Membrane Efflux Pumps of Pathogenic Vibrio Species: Role in Antimicrobial Resistance and Virulence

Abstract

Infectious diseases caused by bacterial species of the Vibrio genus have had considerable significance upon human health for centuries. V. cholerae is the causative microbial agent of cholera, a severe ailment characterized by profuse watery diarrhea, a condition associated with epidemics, and seven great historical pandemics. V. parahaemolyticus causes wound infection and watery diarrhea, while V. vulnificus can cause wound infections and septicemia. Species of the Vibrio genus with resistance to multiple antimicrobials have been a significant health concern for several decades. Mechanisms of antimicrobial resistance machinery in Vibrio spp. include biofilm formation, drug inactivation, target protection, antimicrobial permeability reduction, and active antimicrobial efflux. Integral membrane-bound active antimicrobial efflux pump systems include primary and secondary transporters, members of which belong to closely related protein superfamilies. The RND (resistance-nodulation-division) pumps, the MFS (major facilitator superfamily) transporters, and the ABC superfamily of efflux pumps constitute significant drug transporters for investigation. In this review, we explore these antimicrobial transport systems in the context of Vibrio spp. pathogenesis and virulence.

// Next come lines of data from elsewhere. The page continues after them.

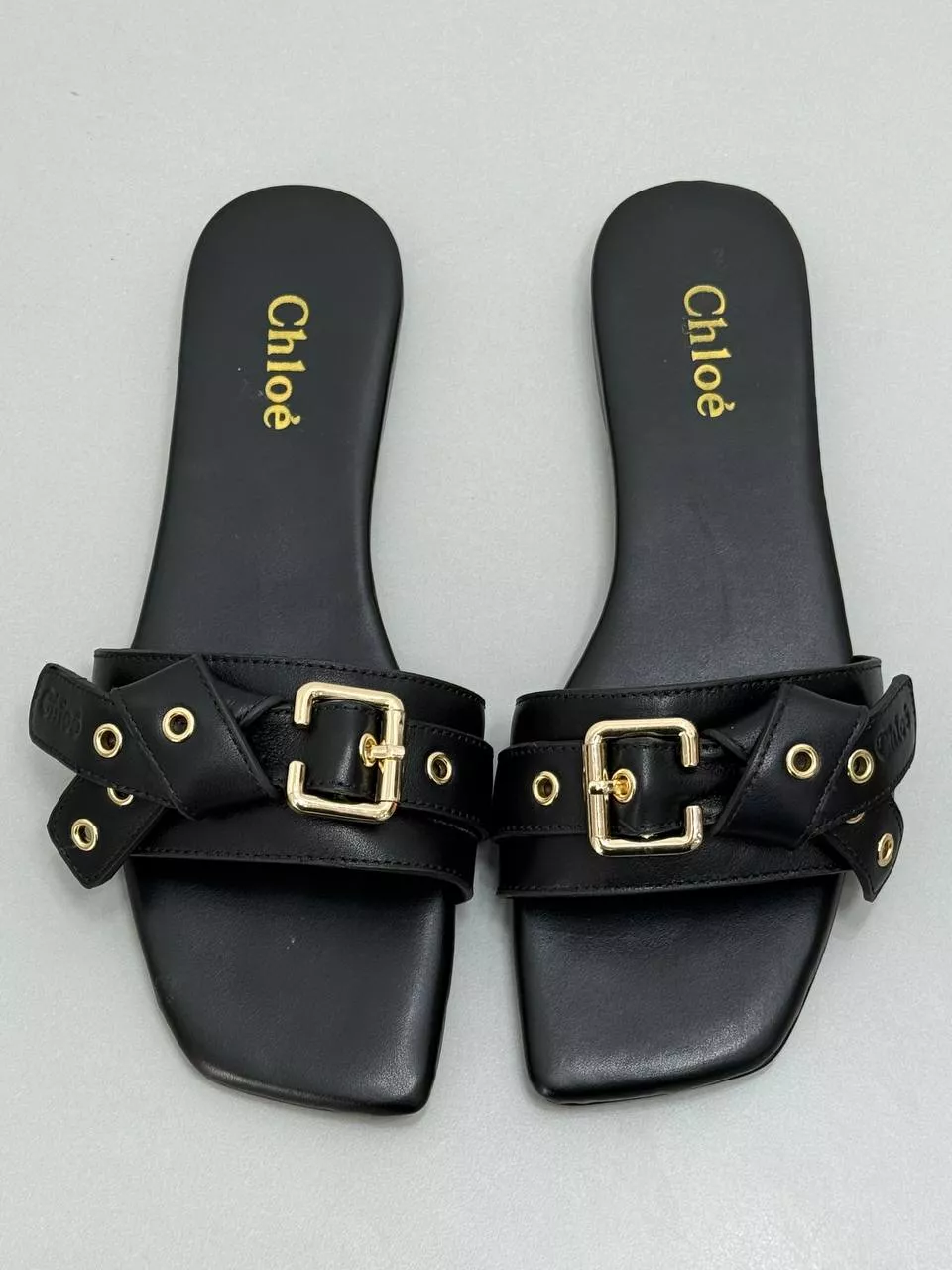 The Chloé Mae Slide Sandals in black combine timeless elegance with modern detailing. Crafted from smooth black leather, they feature signature gold-tone buckle embellishments and refined eyelet accents, perfect for sophisticated casual or dressy looks.
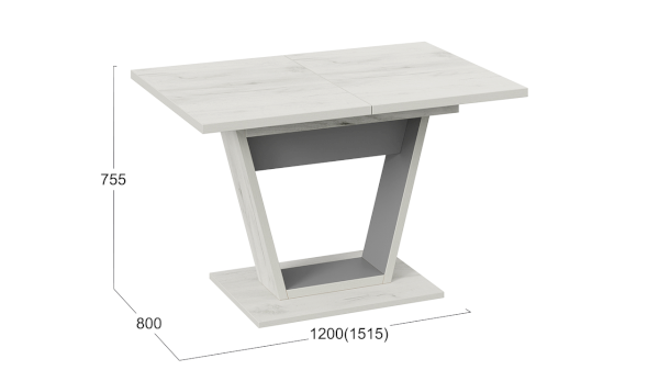 В оформлении новинки применяются актуальные варианты декора, что подчёркивает универсальность стола. Модные текстуры «Дуб крафт золотой», «Дуб крафт белый» в сочетании с цветами чёрный и серый графит, придадут ощущение тепла и уюта в кухонном интерьере.
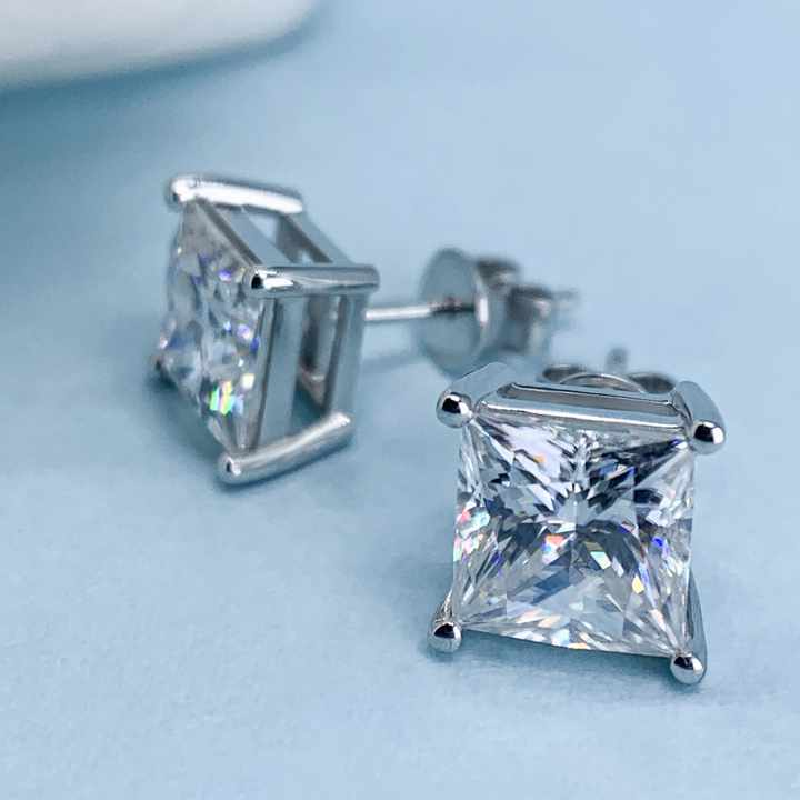IGI Certified 925 Sterling Silver Stud Earrings Custom Princess Cut Lab Grown Diamond Hip Hop Moissanite Earrings for Women Men
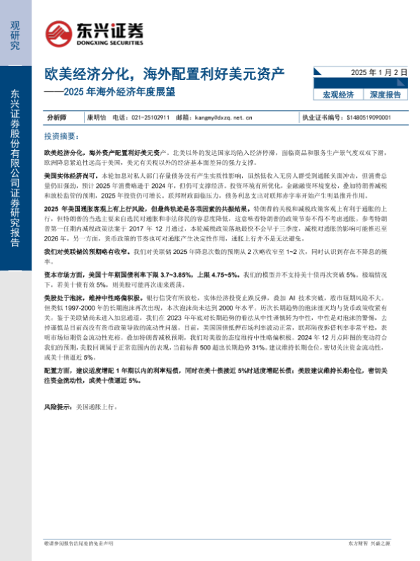 【东兴证券】【20250102】2025年海外经济年度展望:欧美经济分化,海外配置利好美元资产-16页 宏观策略
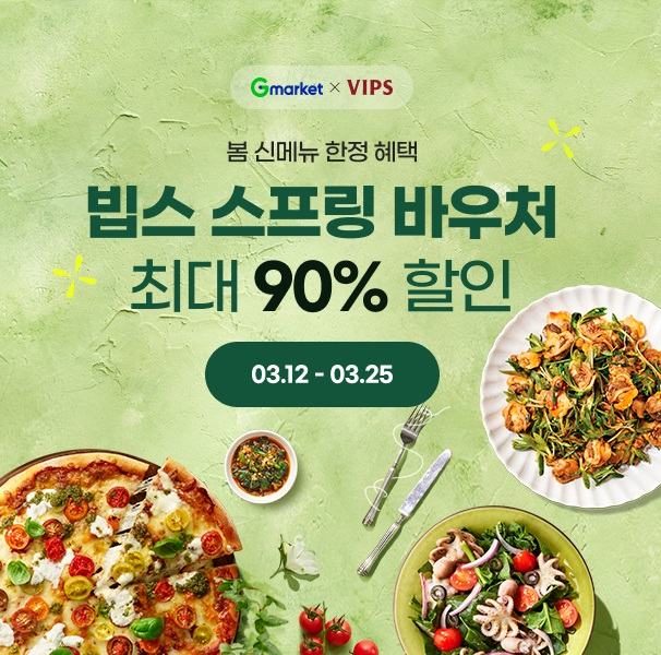 G마켓과 옥션이 12일부터 오는 25일까지 2주간 ‘빕스 1만5000원 스프링 바우처’를 1500원에 단독 특가 판매한다고 12일 밝혔다.
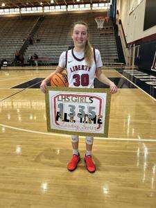 “I kept updating her every game so she could know where she was at because it was one of her personal goals for the year,” said Liberty coach Jarrett Carnes, “so now she’s eyeing-up being the actual all-time scorer for both boys and girls.”
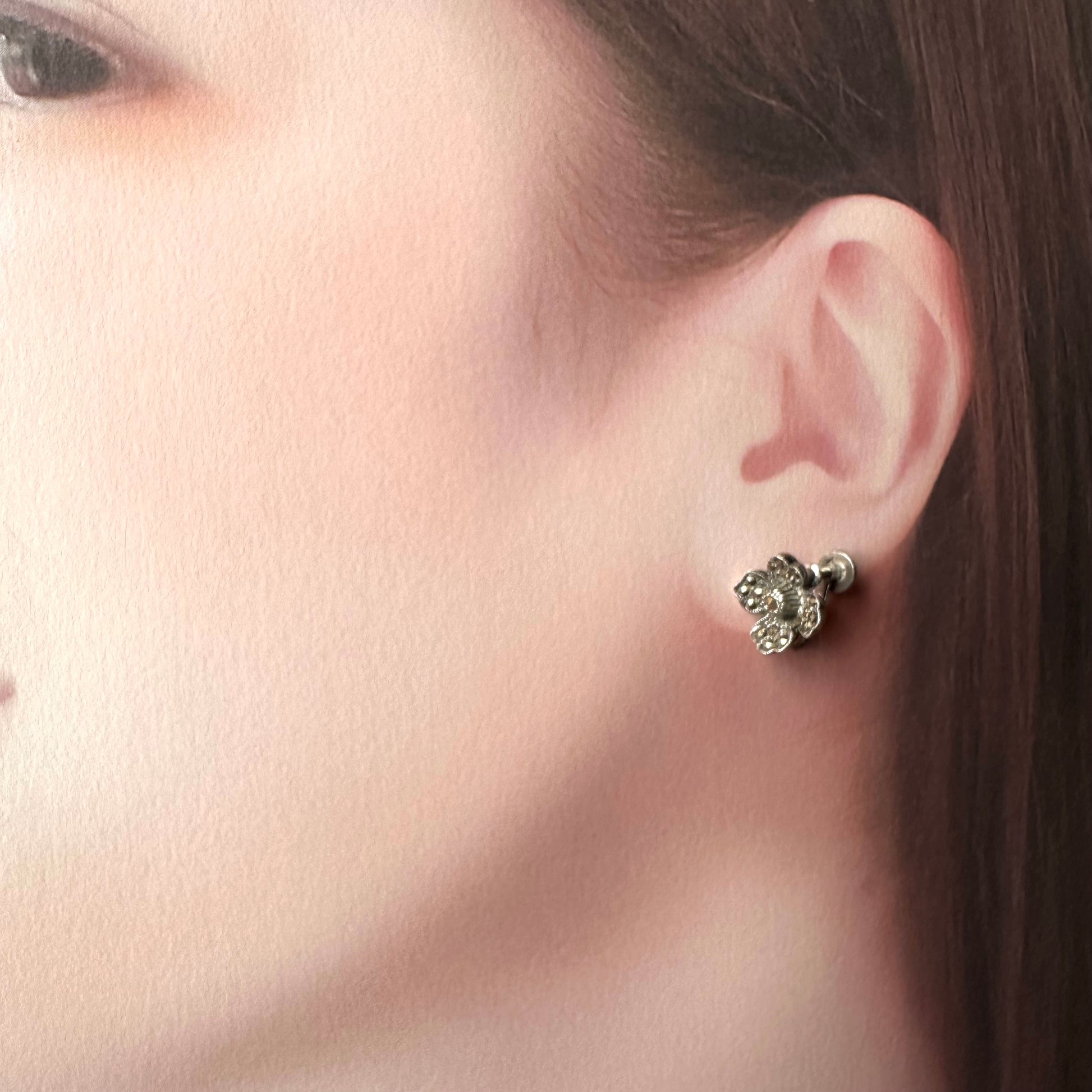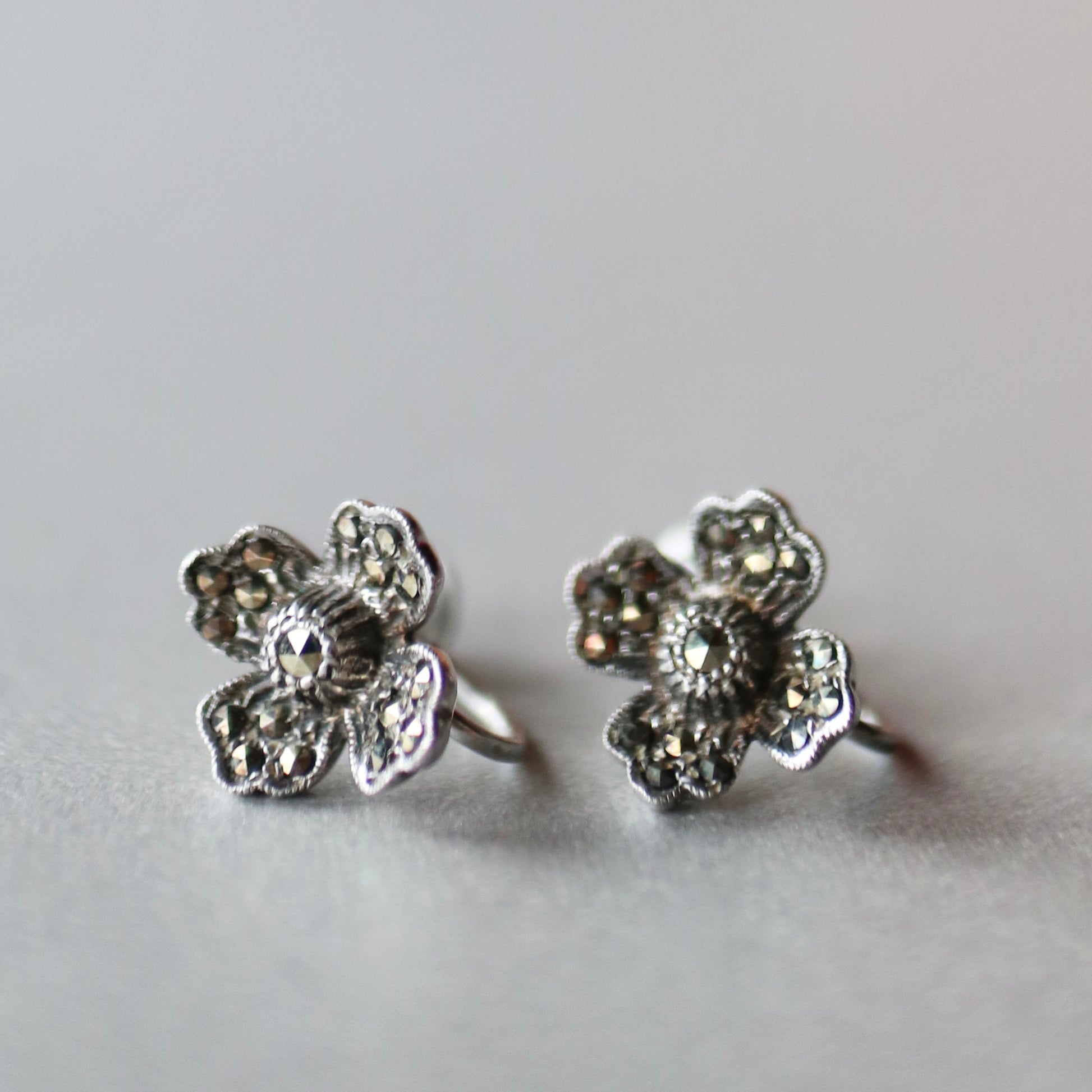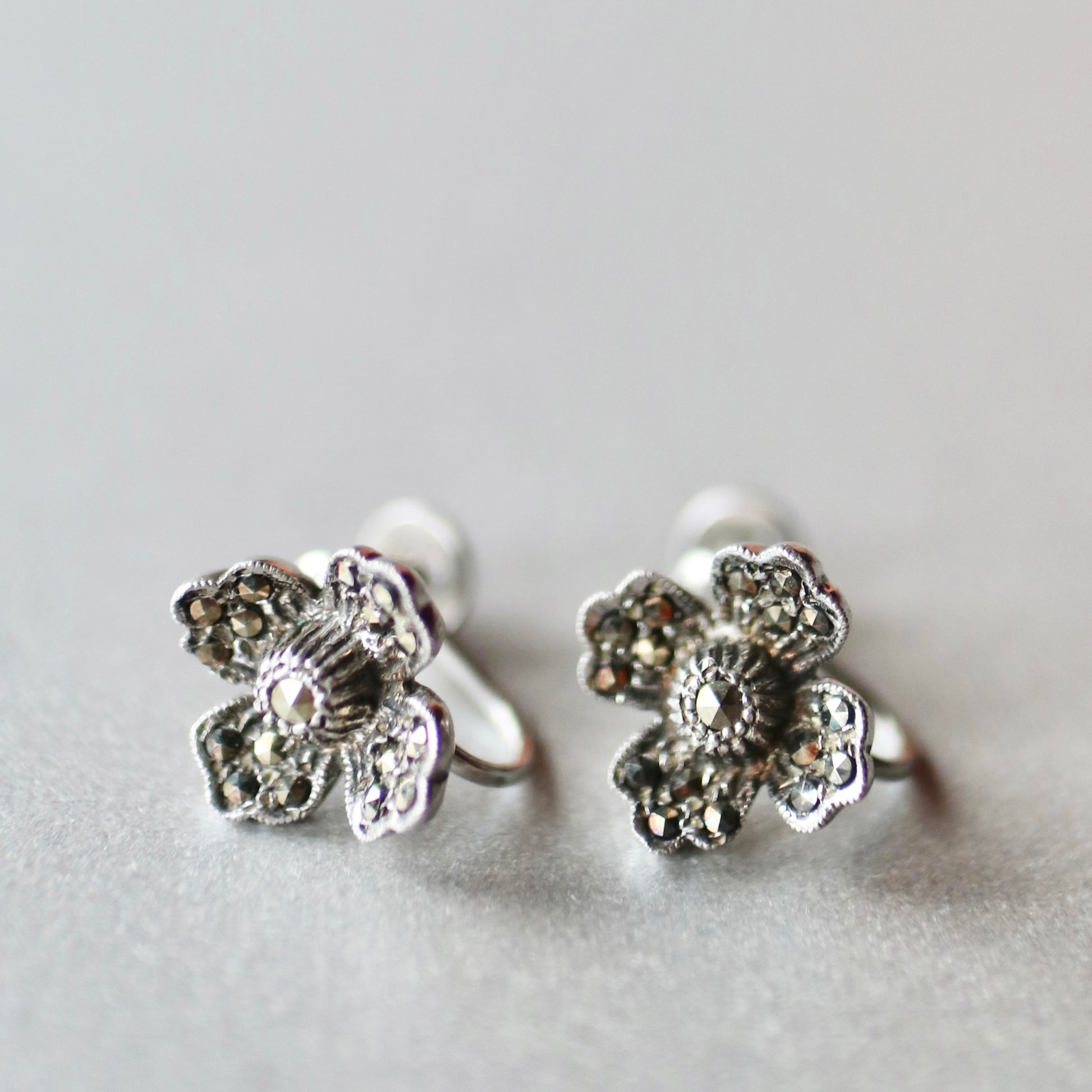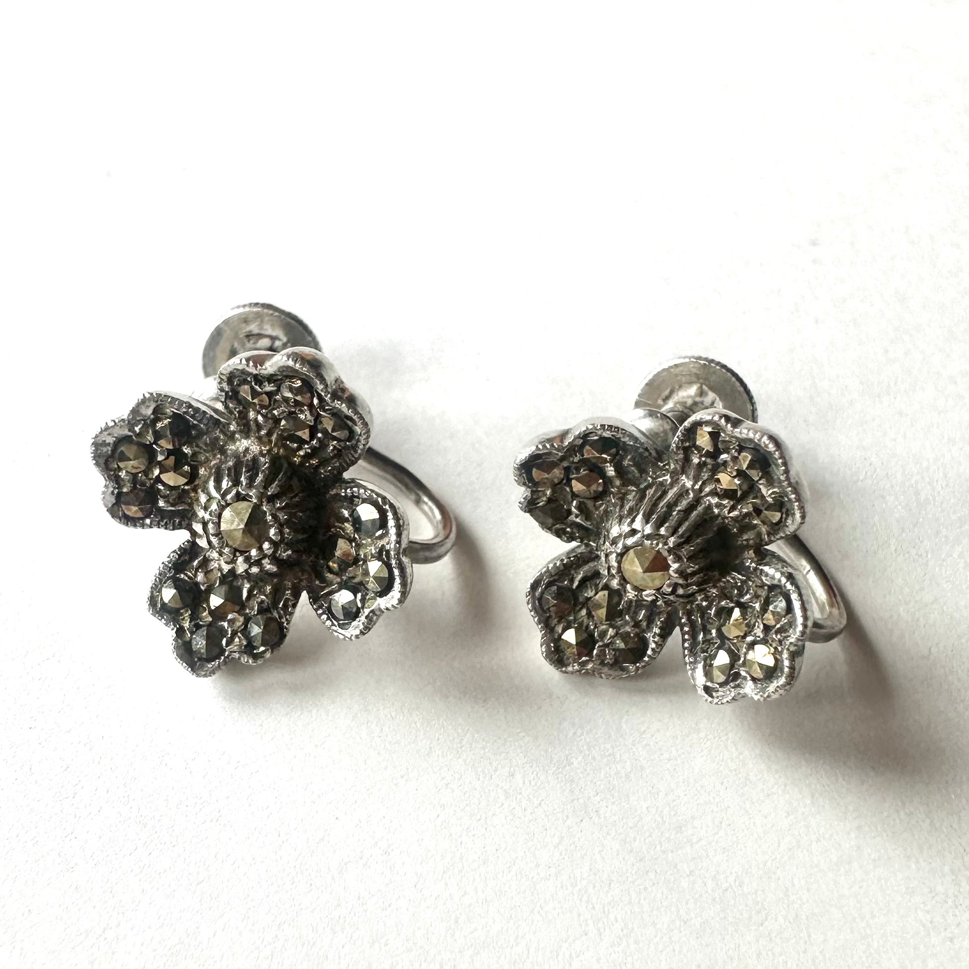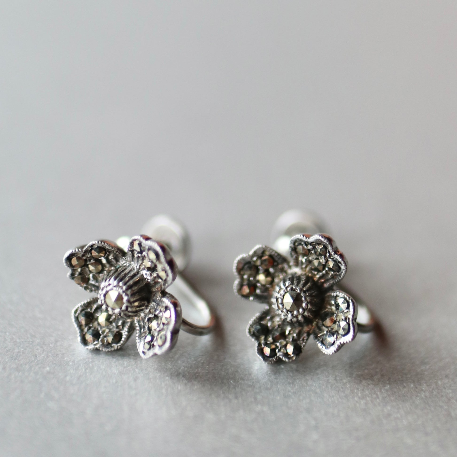 シルバー&マーカサイト フラワーモチーフイヤリング
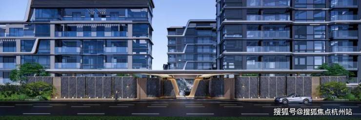 奢阔的社区入口,搭配蓝翡翠镜面奢石,为业主带来双重归家礼仪的同时,也为杨浦滨江增添了一处绝美的网红打卡地。
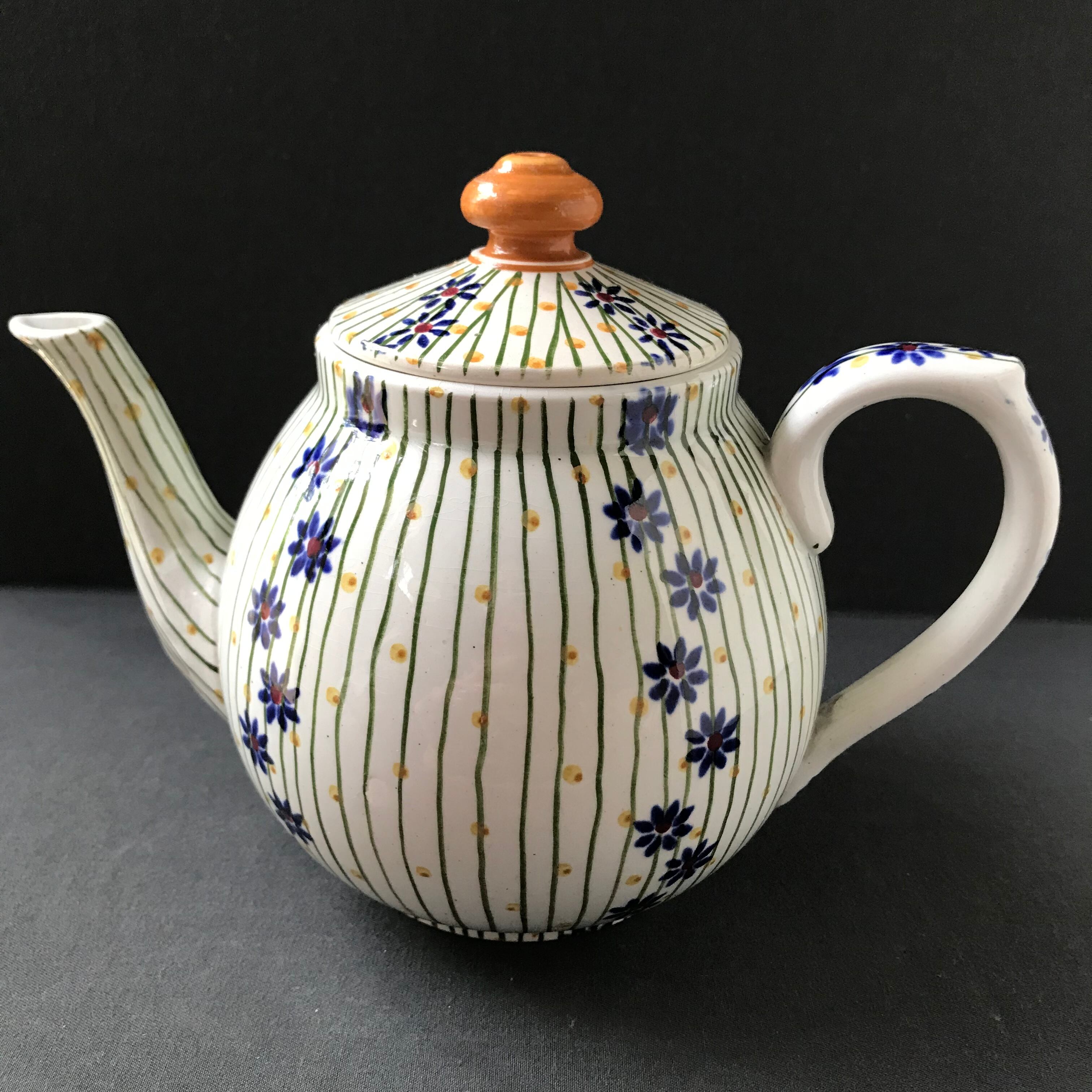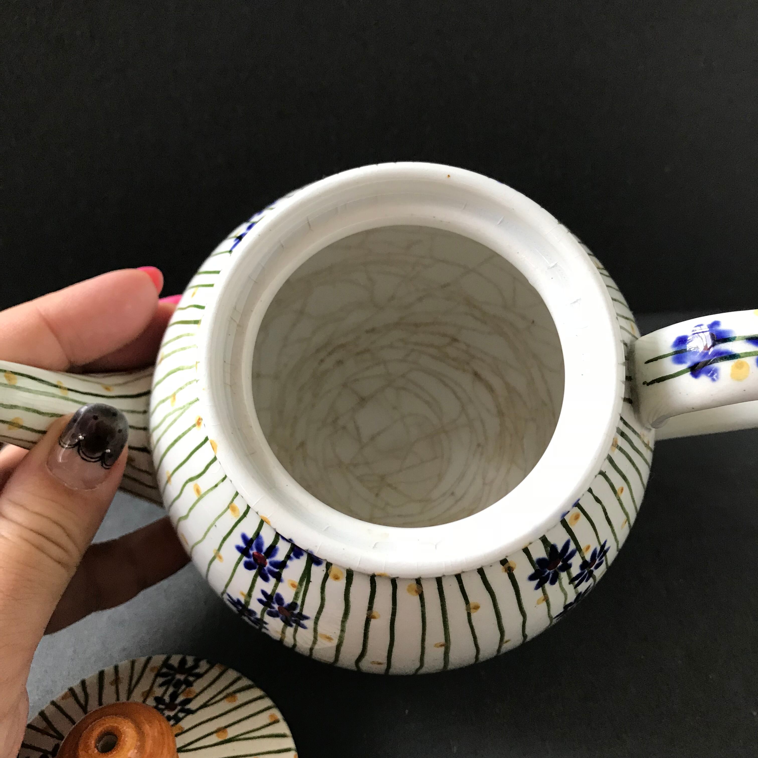 ・直径 11㎝ 高さ 15.5㎝ オランダマーストリヒト製 青いデイジーのティポットです。ハンドペイントの素朴な柄は温かみを感じますね。ヒビカケ無く良い状態です。ポットの中に貫入がありますが、水漏れはしませんでした。同じ柄のカップ&ソーサーとクレミエがあります。

Keywords: antimicrobial resistance; bacteria; cholera; infection; multidrug efflux pump; multidrug resistance.

Figure 1

MATE transporters of bacteria. The transporters are grouped under NorM and DinF subfamilies and are generally composed of 12 TM helices which fold into two distinct N- (TM1-TM6) and C- (TM7-TM12) lobes [76,84,93]. The topology of MATE transporters is characteristically distinct from that of MFS transporters, many of which have similar 12 TM helices [76,94]. In the NorM subfamily (NorM-VC), the C-lobe functions as a cation binding site, and two acidic amino acid residues, Glu255 and Asp371, are located between TM7-12, are critically important for this function [83].

Figure 2

Based on the crystal structures of PfMATE (H⁺-coupled DinF protein from Pyrococcus furiosus [89,98], Kusakizako and colleagues have proposed an “alternating access mechanism” for the DinF-subfamily of MATE transporters [83]. Binding with Na⁺ (or H⁺) ions occurs at the Asp residue in the TM1 (N-lobe), which results in the bent conformation of TM1. In this state, TM1 assumes an outward open state. No substrate-binding takes place due to changes in the conformation at this stage. The following proposed form is a cation-bound occluded state, followed by an inward-open bent form, assuming a straight conformation to allow substrate binding. This step is followed by a substrate-bound occluded state, which finally enters into outward-open conformation.

Figure 3

A rocker-switch mechanism was proposed for MFS transporters. In this proposed antiport system, proton-driven drug efflux occurs through the pump by alternately exposing the drug (D) binding site to either side of the membrane. The drug translocation process involves conformation changes in the two bundles or halves of the MFS pump to form inward open, occluded, and outward-facing open conformations (steps 1–4 in the figure) [118,119].